(our ongoing series about life with CFS)
Yes, it's Wednesday. I just realized that I completely forgot about CFS Tuesday. Let's talk about why, because it is an interesting look at life with CFS.
My brother is on the staff of Virginia Tech. Thankfully, he was not injured in the shootings on Monday. Thankfully, he has a cell phone so my parents and I were able to speak to him very soon after the shootings. However, I spent most of Monday glued to the television. Even though my brother is ok, I am still very upset by these shootings. I am spending a lot time thinking about the VT community. The campus is beautiful, and it is hard to imagine what it is like now.
So Monday was a high stress day. And CFS and stress do not mix. Stress is a guaranteed path to exacerbation of all symptoms. By Monday evening, I was physically and emotionally exhausted. My pain escalated; my sore throat resurfaced. An upper respiratory virus that I thought I had recovered from came back with a vengeance.
Tuesday passed in a blur. I spent the day in bed, only coming downstairs for dinner and a little television.
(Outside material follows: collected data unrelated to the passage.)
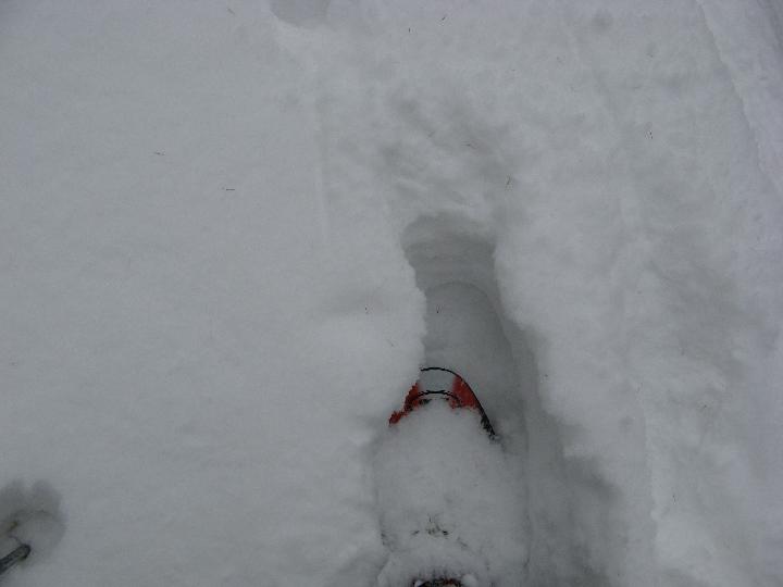 | Ich versinke immer tiefer. Trotz Schneeschuhen ist jeder Schritt heute harte Arbeit. (1-Schritt machen 2- tiefer stapfen 3-Belastungswechsel) |
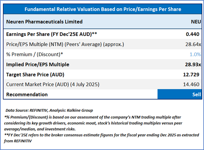 Stock might trade at a slight premium to its peers, considering FY24 royalties more than doubled, FY25 guidance suggests further growth, growing patient population for DAYBUE™, and other factors. Peers include Telix Pharmaceuticals Ltd (ASX: TLX), CSL Ltd (ASX: CSL), Vita Life Sciences Ltd (ASX: VLS), and others.
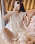夏季甜美蕾丝钩花V领纯欲缎面家居服
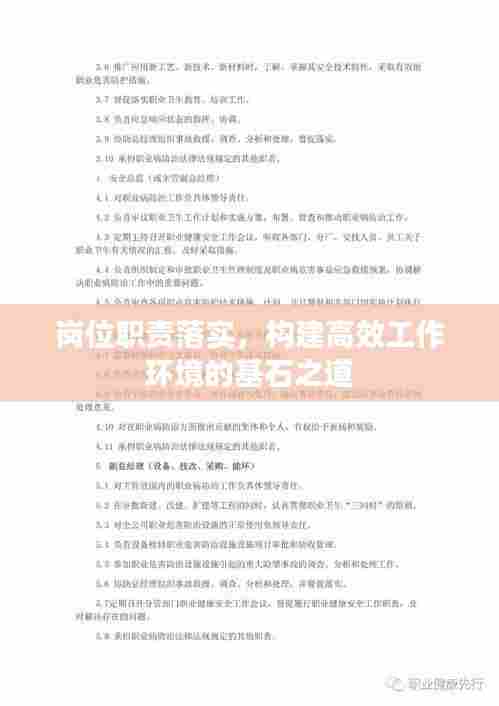 岗位职责有效落实是企业运营过程中的关键环节,对于提升工作效率、优化组织运行具有深远影响,随着市场竞争日益激烈,企业对于岗位职责的执行力要求越来越高,本文将探讨如何实现岗位职责的有效落实,为构建高效工作环境提供理论支持和实践指导。
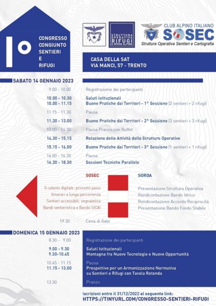 Trento – Parole del 2023 a Trento il 14 e 15 gennaio 2023, in occasione del Congresso Cai congiunto su SENTIERI E RIFUGI.
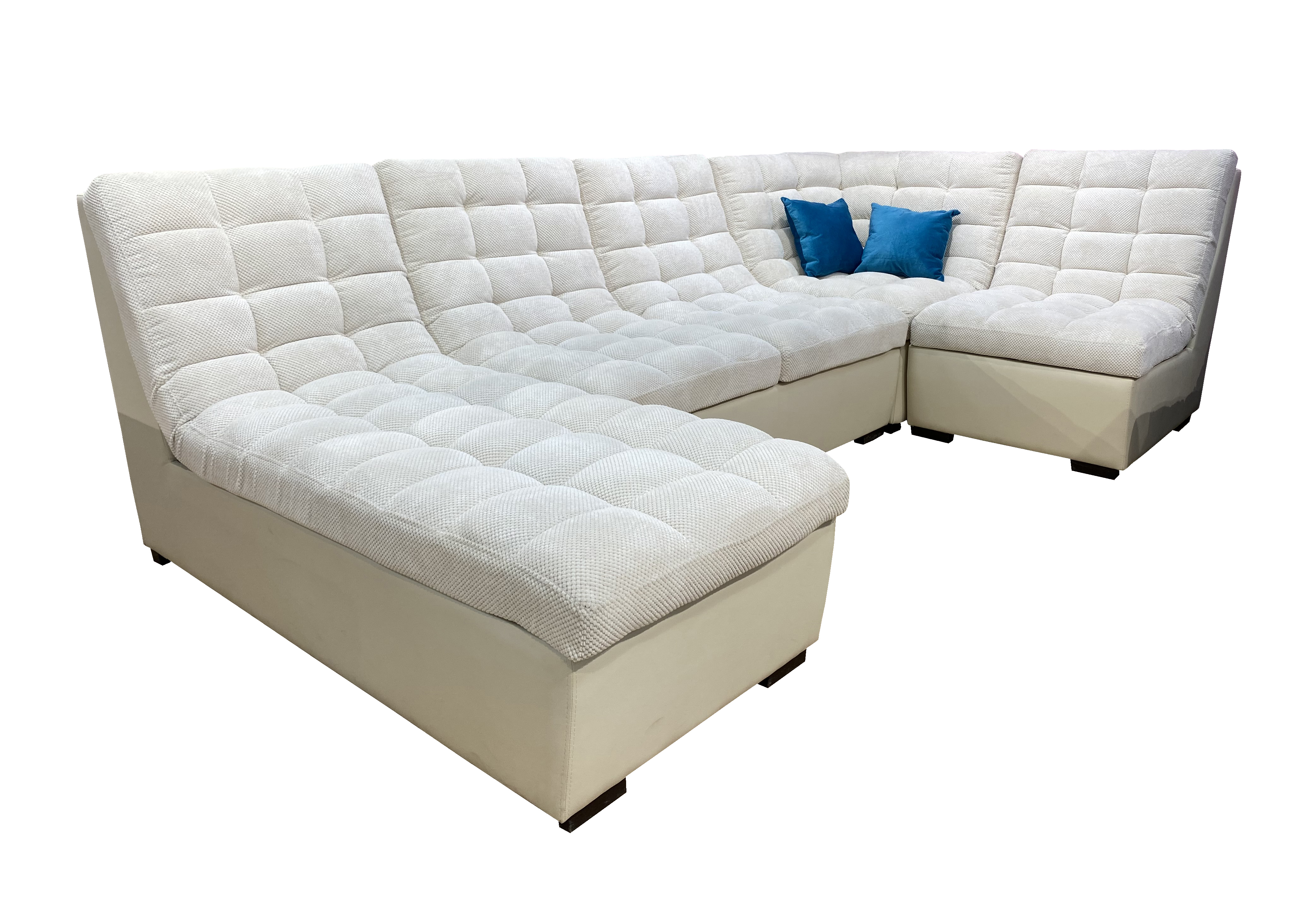 Ширина спального места 250 смГлубина спального места 145 смШирина 335 смГлубина 185 смТип ДиванКоличество мест 4 и болееКонструкция МодульныйМеханизм раскладки ПумаРасположение угла ВзаимозаменяемыйМатериал каркаса Береза, Ель, КомбинированныйМатериал наполнителя Пенополиуретан, Холофайбер, СинтепонМесто размещения ГостинаяТип обивки ТекстильМатериал обивки ВелюрРаскладной ДаЯщик для хранения ДаАнтиквариат НетПодлокотники НетЦвет обивки БелыйЦвет рисунка БелыйПрименение техники старения НетДекоративные подушки НетДекоративные накладки НетНожки ДаСтиль СовременныйСтрана РоссияПроизводитель Мебель НИКС

I slept a fair amount, and my throat has become very painful. My tonsils are red and swollen, and my congestion has increased. I'm hitting it with all the OTC drugs I can, and monitoring my temperature for any sign of fever.
Now on Wednesday morning, I'm wondering what happened to the week. I forgot about CFS Tuesday, and maybe half a dozen other things. I lost last week to the respiratory virus, and now I've lost a few more days. This week illustrates one of the challenges of life with CFS. A deviation from the norm, and unexpected stress, has consequences for days afterwards. I can't work a little harder to catch up. I still only get two hours or less a day of functionality. Navigating the uneven waters of life is tricky when it is so difficult to keep yourself on even keel.